La azafata comenzó a representar la archiconocida retahíla protocolaria. ¿Habría valido ella para azafata? Hace unos cuantos años quizá… pero qué tontería, quien es elegante lo es para siempre y ella desde luego había nacido con esa distinción innata que ya le decía su madre: «Manoli, eres elegante hasta para ir a comprar el pan». Intentó reconocer algún repunte de altivez en la chica. ¿Había en ella algo de orgullo al sentirse observada? Apostaría a que su vecino la seguía con atención. Lo miró con disimulo. Intentaba descubrir si lo delataba algún brillo inusitado en sus pupilas pero no, ni siquiera parpadeó. Parecía sudar mientras se separaba con una mano el cuello de la camisa y con otra la mascarilla.
18:07
Por fin despegaban. Comenzó a tranquilizarse.
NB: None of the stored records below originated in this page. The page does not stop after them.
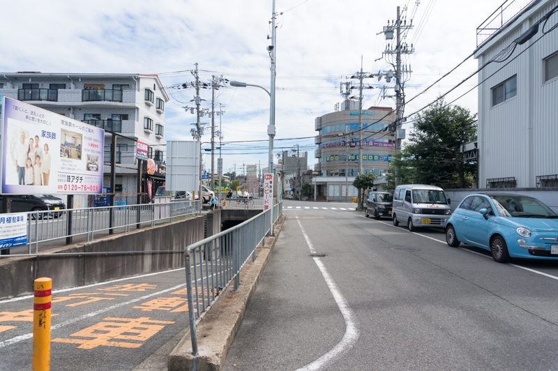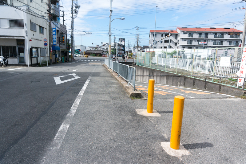 その手前にある黄色のポールが立っている、歩行者と自転車専用の地下道の入り口へ。
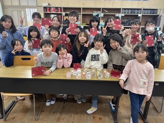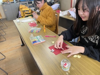 そのあとは、クリスマスカード作り。色ペンや型抜きを使って、思いを込めたメッセージを丁寧に作成しました。完成したカードを嬉しそうに見せ合う姿がとても印象的でした。
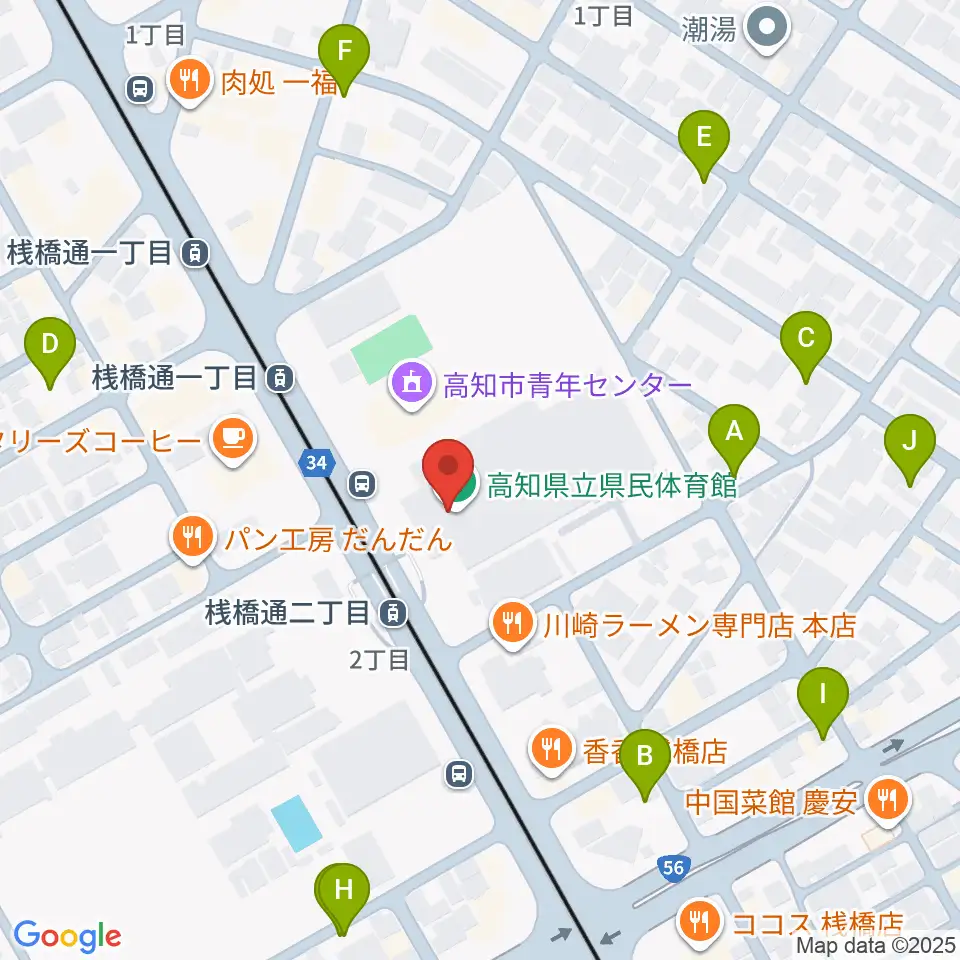 高知県立県民体育館周辺の駐車場・コインパーキング一覧地図
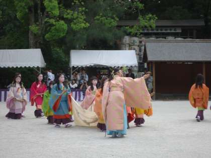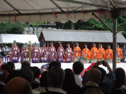 京都三大祭の一つである葵祭に、上賀茂神社からご案内をいただきました。日曜日の開催は5年ぶりというタイミングでもあり、拝見させていただくことにしました。午後2時30分になると、「二の鳥居」よりも奥の境内は一般の方が退出され、熊手で敷石がきれいに整えられました。3時30分になると、勅使(ちょくし)・舞人(まいびと)・陪従(べいじゅう)を率いて斎王代(さいおうだい)が参進されます。その後、古式にのっとり様々な神事が執り行われました。このような神事を拝見させていただくのは初めてのことであり、また上賀茂神社には宮本亜門さんを初めとする著名な方もご列席で大変驚きました。何より驚くのはこの祭が源氏物語・徒然草にも登場するということです。非常に静かな空間・ゆっくりと流れる時間の中での午後のひとときでした。
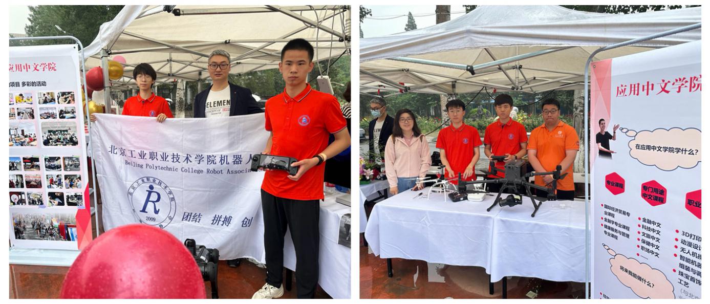 我校機電學院教師王俊,建工學院教師劉彥君分別帶領智能機器人團隊和無人機測繪團隊參加了文化節的展示,期間吸引了大量留學生、觀眾駐足圍觀,不少留學生表示希望報名“中文+職業技能”項目,到北工院學習職業技術。
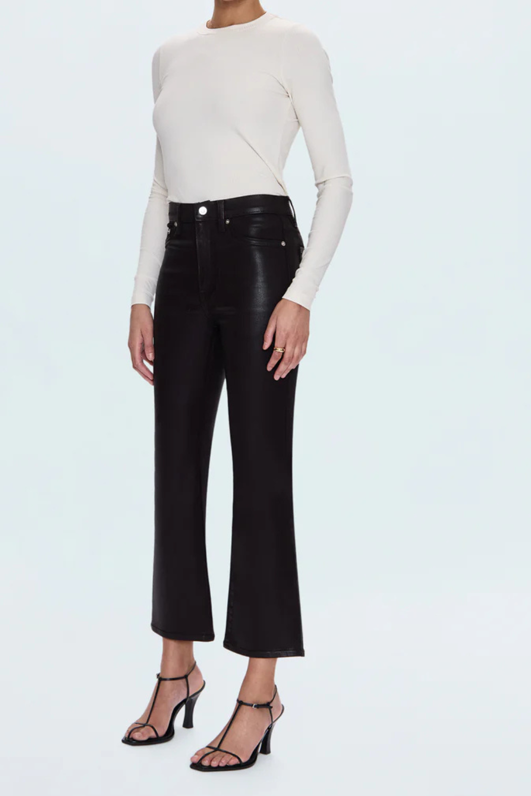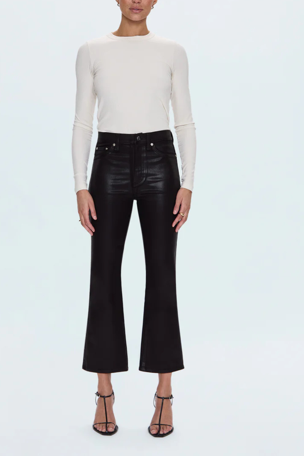 The bootcut you'll reach for again and again. Lennon sits at a high rise with a slim-to-the-body fit that hugs from hips to knee before flaring at the calf for perfect proportional effect. The cropped ankle bootcut creates a flattering silhouette that works with any shoe. Crafted from high stretch fabric in Coated Mocha, a rich brown that's defining this season. The luxurious coated texture elevates every look with sophisticated appeal.
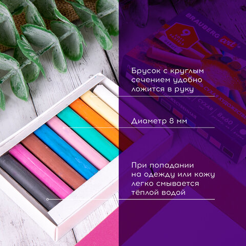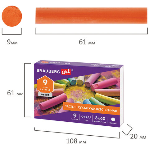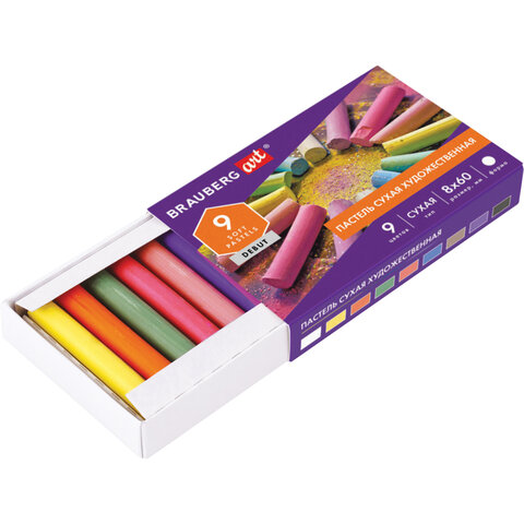 Пастель сухая художественная BRAUBERG ART DEBUT, 9 цветов, круглое сечение, 181459
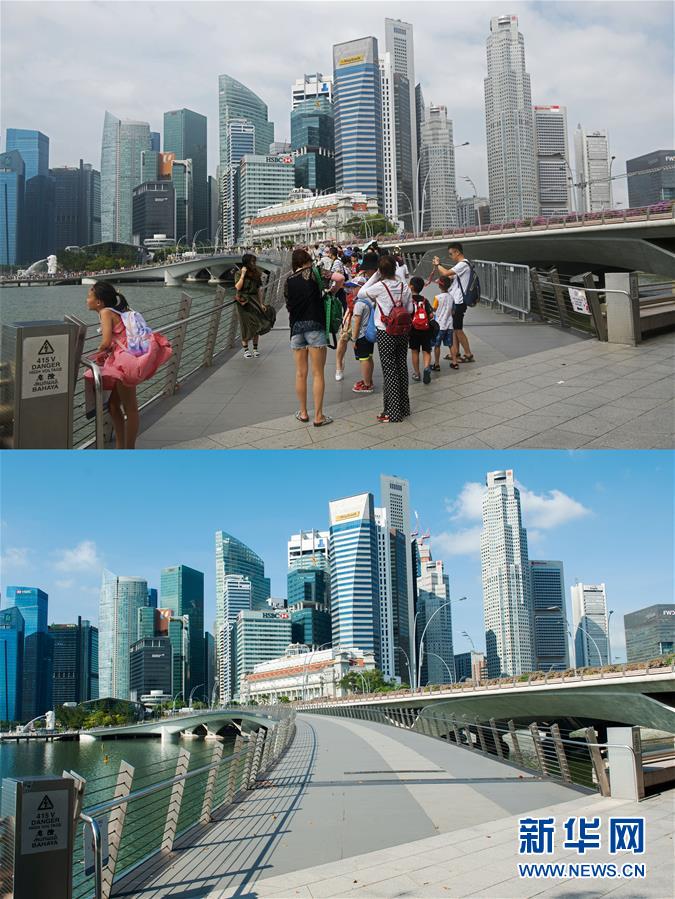 美国约翰斯·霍普金斯大学4月2日发布的最新统计数据显示,全球新冠肺炎确诊病例累计超过100万例。新冠疫情是21世纪全人类面临的一次最严峻挑战,为应对快速蔓延扩散的疫情,多国采取宵禁、封城等防控措施。 拼版照片显示:(上)2019年7月18日,游客在新加坡滨海湾金禧桥游览。(下)2020年4月2日,新加坡滨海湾金禧桥空无一人。 新华社发 (邓智炜摄)
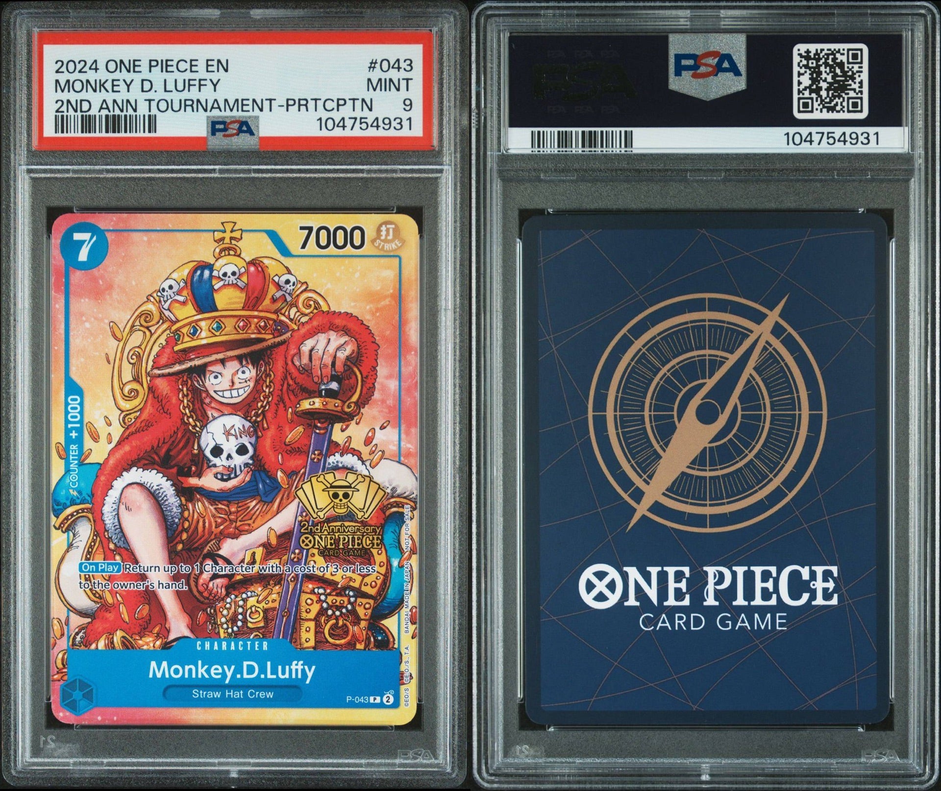PSA 9 2024 ONE PIECE PROMOS | 2ND ANNIVERSARY TOURNAMENT-PARTICIPATION 043 MONKEY D. LUFFY
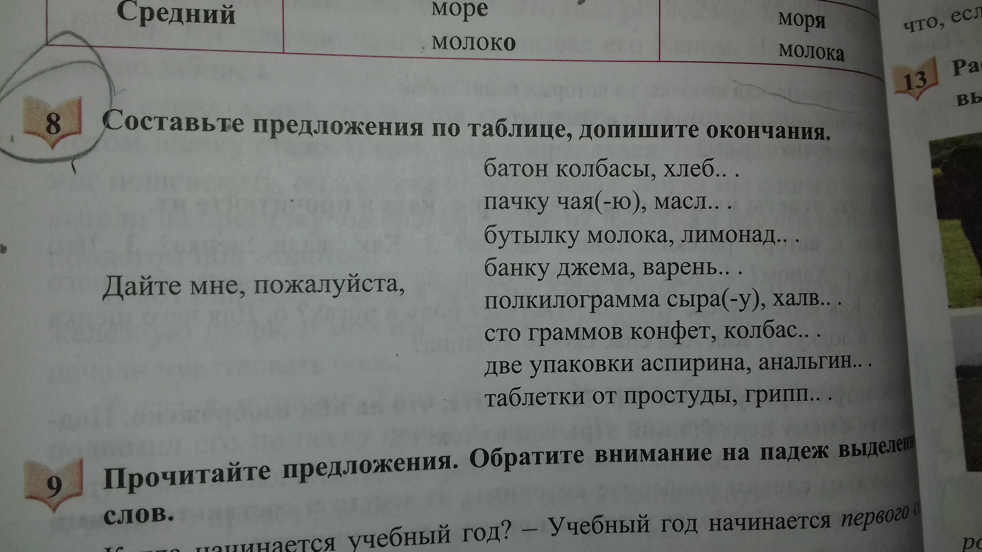 Дайте мне, пожалуйста, батон колбасы, хлеба. Дайте мне, пожалуйста, пачку чая, масла. Дайте мне, пожалуйста, бутылку молока, лимонада. Дайте мне, пожалуйста, банку джема, варенья. Дайте мне, пожалуйста, пол кг сыра, халвы. Дайте мне, пожалуйста, 100 гр конфет, колбасы. Дайте мне, пожалуйста, две упаковки аспирина, анальгина. Дайте мне, пожалуйста, таблетки от простуды, гриппа.
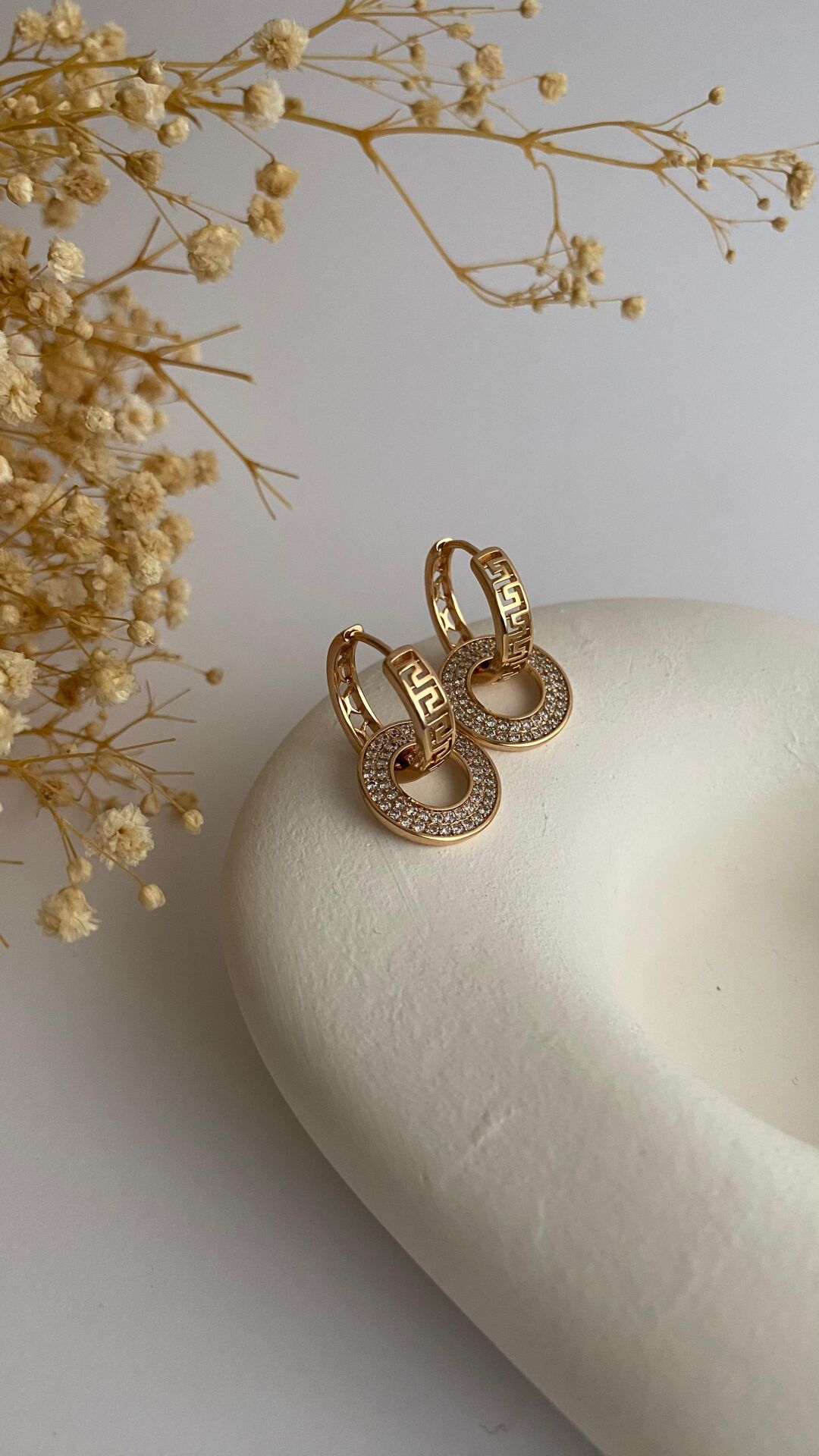 Rose gold pana desen ucu halkalı küpe
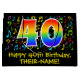 Dieses lustige, lebendige und farbenfrohe Geburtstagsgeschenk-Design zeigt eine große Zahl "40" mit einem inspirierten Regenbogenspektrum-Muster, zusammen mit der Meldung "Happy 40 th Birthday" und einem bearbeitbaren Namen. Ein Teil des Hintergrundes weist farbenfrohe Musiknoten und Symbolmuster auf. Eine Geschenktasche wie diese kann verwendet werden, wenn Geschenke verpackt werden, die einem Musikkomponisten, einem Sänger, einem Musiker oder jemand anderem zur Feier ihres vierzigsten Geburtstages gegeben werden. [~Z0000425]
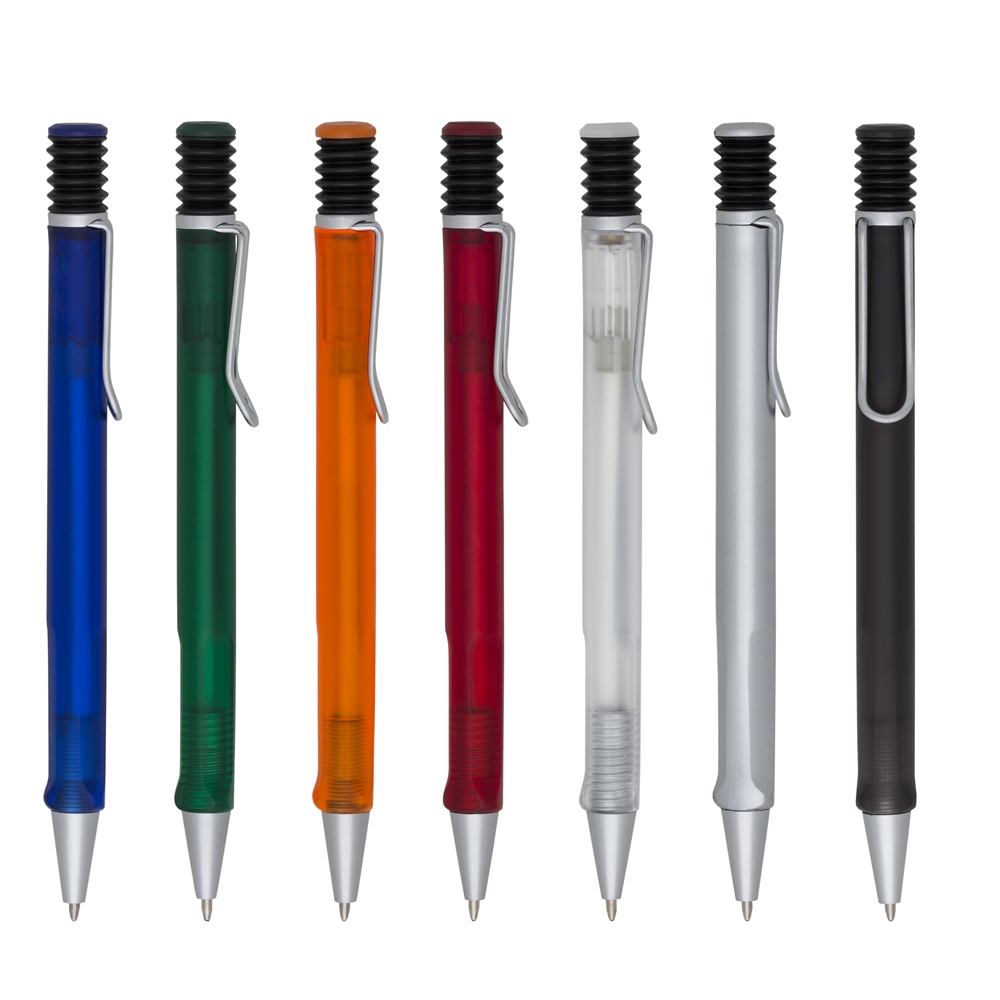 Caneta plástica com carga esferográfica azul e acionamento por clique.
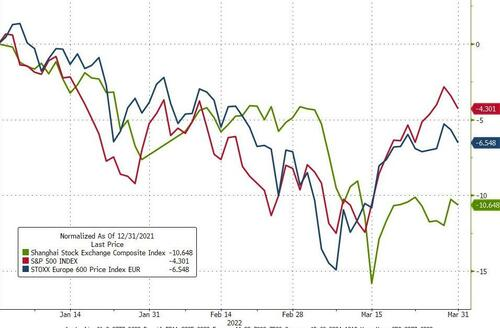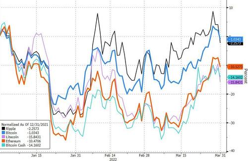 Cryptocurrencies also had a tough first quarter, with Ethereum down more than 10% while Bitcoin fell just 1% in the quarter.
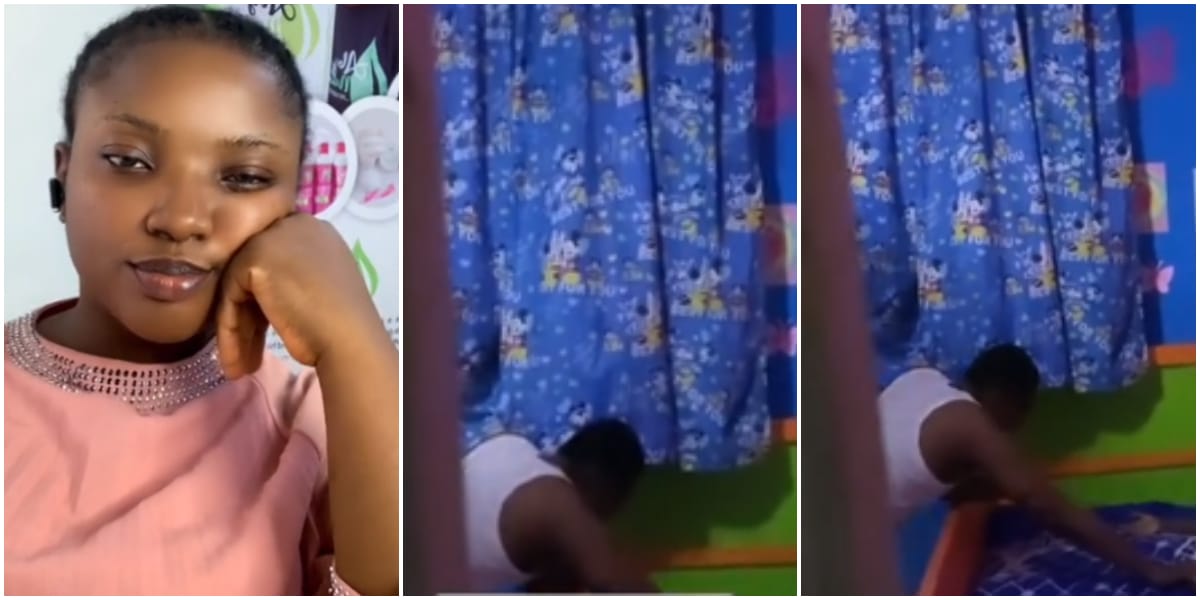 A Nigerian woman identified as @abynaturals has shared a viral video capturing what she found her husband doing in their children’s room at 3am.
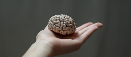 Realistic anatomical model of a human brain resting on a flowering cherry blossom branch symbolizes mental health and blossoming ideas. Generative ai
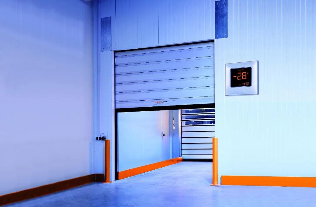 4)卷簾加電動冷庫門。這種設(shè)置是在庫體外側(cè)采用快速卷簾(有的帶保溫或不帶保溫,提升速度為1.2~2.5m/s),可以通過地磁、雷達(dá)、遙控或拉繩開啟,在庫體內(nèi)側(cè)安裝有普通電動冷庫門。在貨物進(jìn)出過程中,電動門一直開啟,靠快速卷簾隔斷庫內(nèi)外,進(jìn)出貨完畢時再將庫內(nèi)側(cè)冷庫門關(guān)閉。這種方式適合于進(jìn)出貨頻繁的冷庫。
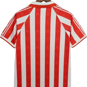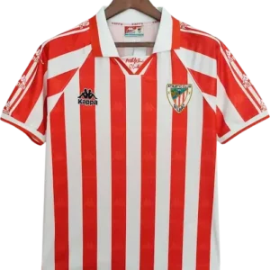 La camiseta local del Athletic 1995-97, fabricada por Kappa, recupera las clásicas franjas rojiblancas verticales con cuello redondo y remates sencillos; tejido ligero de la época, escudo aplicado y ausencia de sponsor frontal (era una equipación sin publicidad comercial en cancha); estética sobria y fiel al lienzo tradicional del club. Es una pieza retro y vintage muy cotizada por coleccionistas. La lucieron jugadores destacados como Julen Guerrero, Joseba Etxeberria, Cuco Ziganda, Ismael Urzaiz y Aitor Karanka.

Guardaba como un tesoro el libro que necesitaba para entretenerse durante el vuelo. Leer para él era como respirar, aunque su vecina parecía que no llevaba muy bien el despegue. Tenía los ojos cerrados y se aferraba con miedo al asiento. En ese momento le transmitió una gran sensación de fragilidad, y un atisbo de ternura revoloteó con la misma intensidad que la profunda vibración del motor. Pensó en darle la mano para tranquilizarla, pero no lo hizo. ¡Qué tontería! Últimamente sentía emociones demasiado extravagantes.
18:46
Sin lugar a dudas mientras leía el libro se había transformado en un hombre aún más interesante, más intelectual. Le recordaba a su padre. «Un hombre que lee jamás le hará daño a nadie», le había dicho más de una vez su progenitor. En ese momento él levantó la mirada y la posó con serenidad sobre ella, como si despertara de un bonito sueño y le sonrió o eso creyó sentir ella porque aunque no podía ver su boca, habría jurado percibir un leve pliegue tras el contorno de sus ojos. Pero era bastante incómodo establecer conversación con la mascarilla, así que se giró. Con las prisas no había tenido tiempo de escoger un buen libro, porque también ella encontraba placer en la lectura. Casi nadie de su entorno conocía esa faceta suya; era una costumbre que mantenía desde niña y la llenaba de satisfacción. Por un momento imaginó a ambos leyendo, tapados con una manta, junto a la chimenea, al calor de una noche de sábado sin necesitar a nadie ni a nada. Tan solo ellos, sencillamente felices. Y dicho pensamiento pasó rasante sobre su cabeza a la velocidad de la luz hasta desaparecer.
19:28
La vio alejarse tras bajar la escalinata. Casi no se habían despedido. Tan solo un leve movimiento de cabeza y algún susurro, de idéntica manera a cuando ella llegó. Le gustaba su forma de caminar moviendo sinuosamente las caderas, transportando su equipaje con suma elegancia. Se había sujetado el cabello con una improvisada pulsera a modo de goma y todo en ella rezumaba naturalidad. Parecía llevar prisa. «Una pena», pensó, mientras se sacudía aquella volátil sensación. Pasaría la noche del sábado saboreando algún libro al calor de la chimenea, como una noche más de entre otras muchas noches del invierno.
19:30
Se detuvo instintivamente para mirar hacia atrás. Quería observar por última vez el avión prendido en la noche oscura como el gran milagro que representaba para ella. Una vez más había superado con valentía la prueba aunque no sabía si a la siguiente también saldría victoriosa. Pero ante aquella estampa vio caminar ensimismado a su compañero de vuelo. «Una pena», pensó por un momento, y su ágil mente volvió a encauzar su pensamiento hacia el transporte más adecuado que debía coger para no perder la vez en aquel endemoniado ritmo que ni la pandemia había conseguido cambiar.